The call to `readFully` will underneath go through 
`NonBlockedDecompressorStream` which will always hit this path: 
[https://github.com/apache/parquet-mr/blob/master/parquet-hadoop/src/main/java/org/apache/parquet/hadoop/codec/NonBlockedDecompressorStream.java#L45].
 This will cause `setInput` to not be called on the decompressor, and the 
subsequent calls to `decompress` will always hit this condition: 
[https://github.com/apache/parquet-mr/blob/master/parquet-hadoop/src/main/java/org/apache/parquet/hadoop/codec/SnappyDecompressor.java#L54].
 Therefore, the 0 value will be returned by the read method, which will cause 
an infinite loop in 
[https://github.com/openjdk-mirror/jdk7u-jdk/blob/master/src/share/classes/java/io/DataInputStream.java#L198]
 
 This originates from the corruption, which causes the input stream of the data 
page to be of size 0, which makes `getCompressedData` always return -1. 
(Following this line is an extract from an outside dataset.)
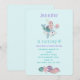 Invitación de cumpleaños con un ilustracion adorable. Diseñado con un chica de sirena de bonito montando un delfín feliz. Un pequeño amigo de medusas los acompaña. Decorada con pequeñas manchas de purpurina de oro falso. Las conchas marinas y las estrellas de mar en el fondo.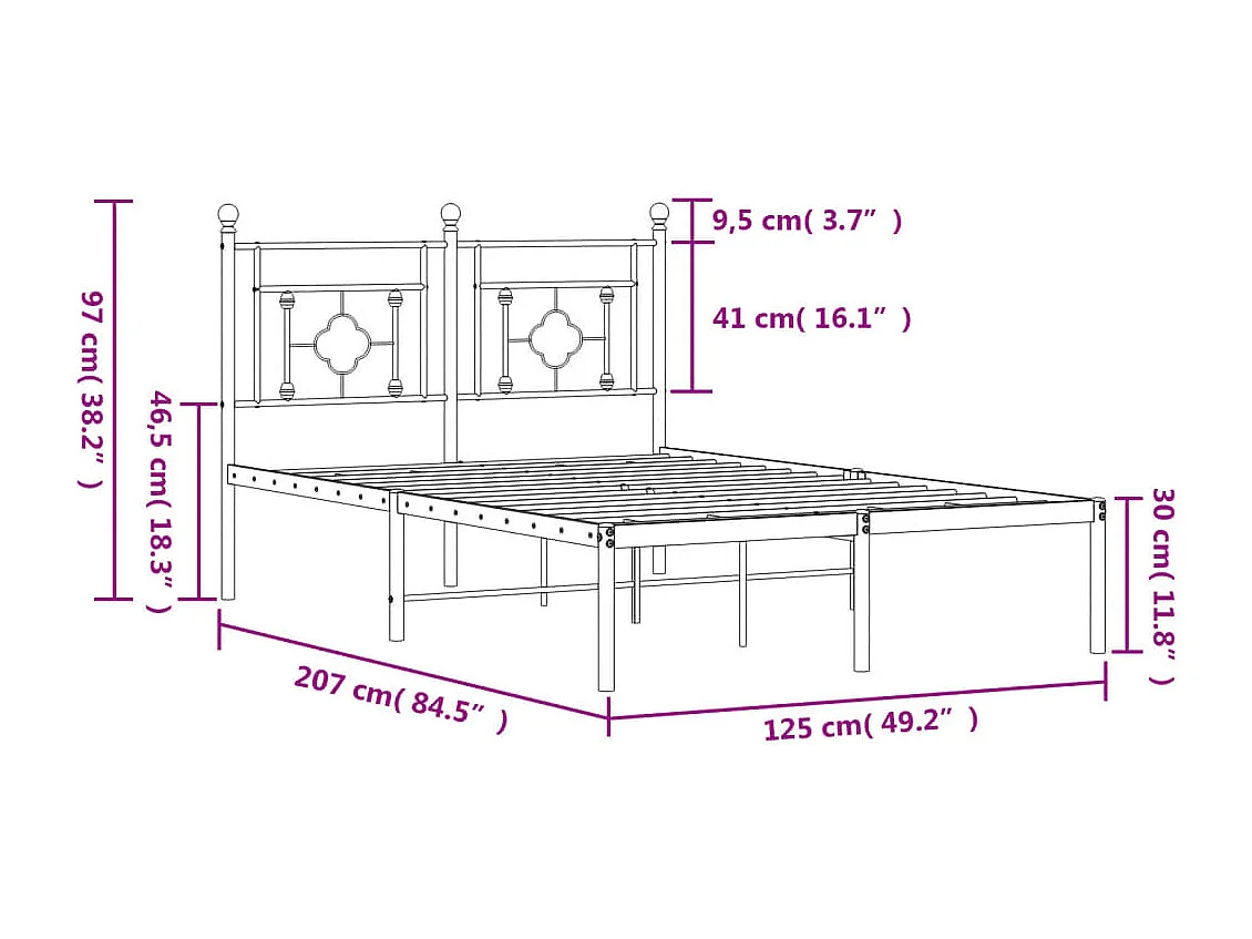 Lit simple | Lit adulte, enfant | Cadre de lit métal et pied de lit blanc 120x200 cm

I am wondering whether this can be caught earlier so that the read fails in 
case of such corruptions. 

Since this happens in `BytesInput.toInputStream`, I don't think it's only 
relevant to DataPageV2. 

 

In 
[https://github.com/apache/parquet-mr/blob/master/parquet-hadoop/src/main/java/org/apache/parquet/hadoop/CodecFactory.java#L111,]
 if we call `bytes.toByteArray` and log its length, it is 0 in the case of the 
corrupt file, and 6 in the case of the valid file. 

A potential fix is to check the array size there and fail early, but I am not 
sure if a zero-length byte array can ever be expected in the case of valid 
files.

 

Attached:

Valid file: `datapage_v2_snappy.parquet`

Corrupt file: `datapage_v2_snappy.parquet1383`

  was:
I am attaching a valid and corrupt parquet file (datapageV2) that differ in one 
byte.

We hit an infinite loop when trying to read the corrupt file in 
https://github.com/apache/parquet-mr/blob/master/parquet-column/src/main/java/org/apache/parquet/column/impl/ColumnReaderBase.java#L698
 and specifically in the `page.getData().toInputStream()` call.  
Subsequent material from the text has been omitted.